Department of Computer science, Faculty of Mathematical Sciences, Vali-e-Asr University ofRafsanjan, Rafsanjan, Iran
تاریخ دریافت: 13 بهمن 1396،
تاریخ بازنگری: 22 اردیبهشت 1397،
تاریخ پذیرش: 22 آبان 1397
چکیده
Background and Objectives: Numerical iterative methods are widely used to compute reachability probabilities and expected rewards in probabilistic model checking of Markov decision processes. Several approaches have been proposed to improve the performance of these iterative methods.
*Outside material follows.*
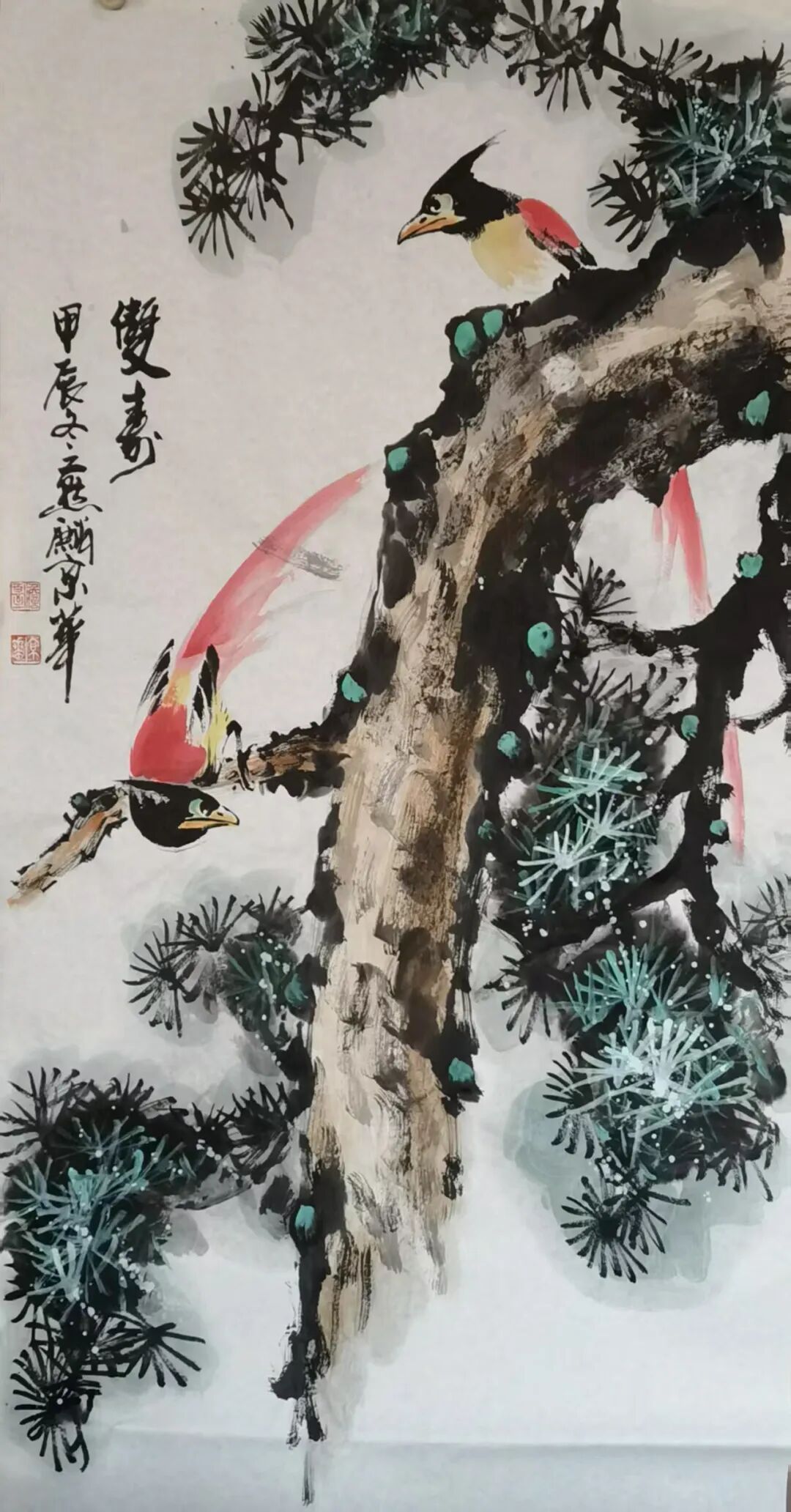 现场我们看到京华的两幅作品,《双寿》以松、绶带鸟为题材,松象征长寿,绶带鸟寓意吉祥,紧扣“双寿”吉祥主题。笔墨上工写结合,松树墨色浓淡展现苍劲,松针层次丰富;绶带鸟色彩艳丽,羽毛纹理通过笔墨变化生动呈现,兼具写实精度与写意气韵,是传统吉祥文化与精湛笔墨技法的融合。

Reducing the total number of iterations is an important goal that is followed by several techniques in this paper. Methods: In this paper, we consider MDPs with different levels of non-determinism. We show that modified policy iteration performs better than the other standard iterative methods when the degree of non-determinism increases. We propose some novel methods to improve the performance of the modified policy iteration method. Our approach is to define several criteria to avoid useless iterations and updates of the modified policy iteration method. The first criterion considers the graphical structure of the model to define the number of iterations after each policy modification. The second criterion is a dynamic one to determine when a policy should be updated. The third proposed approach in this work is to use several priority heaps to select states for value updates. Results: Our proposed methods are implemented in the PRISM model checker and applied on several standard case studies. The results of experiments show that the running times of our approaches are less than the running time of the standard and previous methods for most case studies. The main reason for these results is that the total numbers of iterations and updates are reduced by our approaches, which results in an improvement in the performance of the method. While the running times are reduced by our approaches, the precision of computations are kept in most cases. Conclusion: The proposed techniques are able to reduce the number of iterations and accelerate the convergence to the optimal policies. The also prioritize the commutations to reduce the total number of updates.